— WHAT TO WORK ON —
An exact reproduction of the listing is wanted, with the pictures dropped.
*** Begin section ***
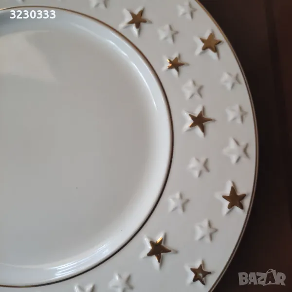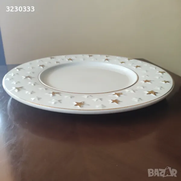 Голямо празнично порцеланово плато, коледни звезди, отлично, отдолу е с лепенки против преплъзване, който иска може да ги премахне-диаметър-32.5 см. По Еконт с 10% отстъпка.
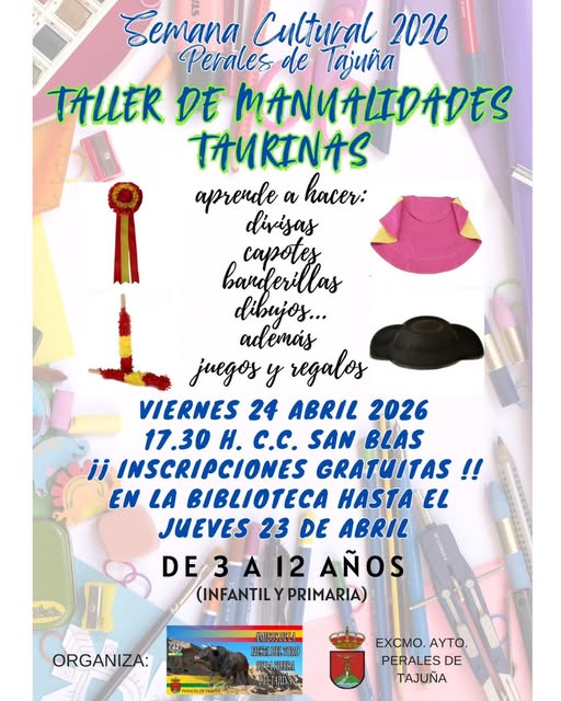 D iversión y creatividad para los más pequeños. La Semana Cultural de Perales de Tajuña trae un taller de manualidades taurinas organizado por la Asociación Taurina Amigos de la Fiesta del Toro de la Ribera del Tajuña, donde niños de 3 a 12 años podrán crear sus propias divisas, capotes, banderillas y dibujos ¡Una tarde para pasarlo en grande!
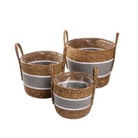 ИНГА, набор кашпо, 3 шт, плетеные, серая полосы
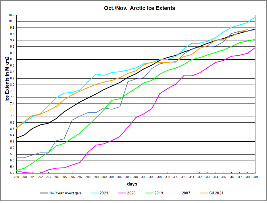 The black line shows during this period on average Arctic ice extents increase ~3.5M km2 from ~6.3M km2 up to ~9.8M km2. The 2021 cyan MASIE line started the period ~400k km2 above average and on day 319 retained a surplus of ~380k km2. The Sea Ice Index in orange (SII from NOAA) started with the same deficit, then lagged behind in the first two weeks, before ending ~200k km2 lower than MASIE (no data yet for yesterday). 2019 and 2020 were well below average at this stage of the ice recovery.
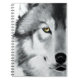 Retrato de lobo hecho todo en blanco y negro, pero los ojos son de color.
*** End section ***
— SOLUTION TO THIS EXERCISE —
 Голямо празнично порцеланово плато, коледни звезди, отлично, отдолу е с лепенки против преплъзване, който иска може да ги премахне-диаметър-32.5 см. По Еконт с 10% отстъпка.
 D iversión y creatividad para los más pequeños. La Semana Cultural de Perales de Tajuña trae un taller de manualidades taurinas organizado por la Asociación Taurina Amigos de la Fiesta del Toro de la Ribera del Tajuña, donde niños de 3 a 12 años podrán crear sus propias divisas, capotes, banderillas y dibujos ¡Una tarde para pasarlo en grande!
 ИНГА, набор кашпо, 3 шт, плетеные, серая полосы
 The black line shows during this period on average Arctic ice extents increase ~3.5M km2 from ~6.3M km2 up to ~9.8M km2. The 2021 cyan MASIE line started the period ~400k km2 above average and on day 319 retained a surplus of ~380k km2. The Sea Ice Index in orange (SII from NOAA) started with the same deficit, then lagged behind in the first two weeks, before ending ~200k km2 lower than MASIE (no data yet for yesterday). 2019 and 2020 were well below average at this stage of the ice recovery.
 Retrato de lobo hecho todo en blanco y negro, pero los ojos son de color.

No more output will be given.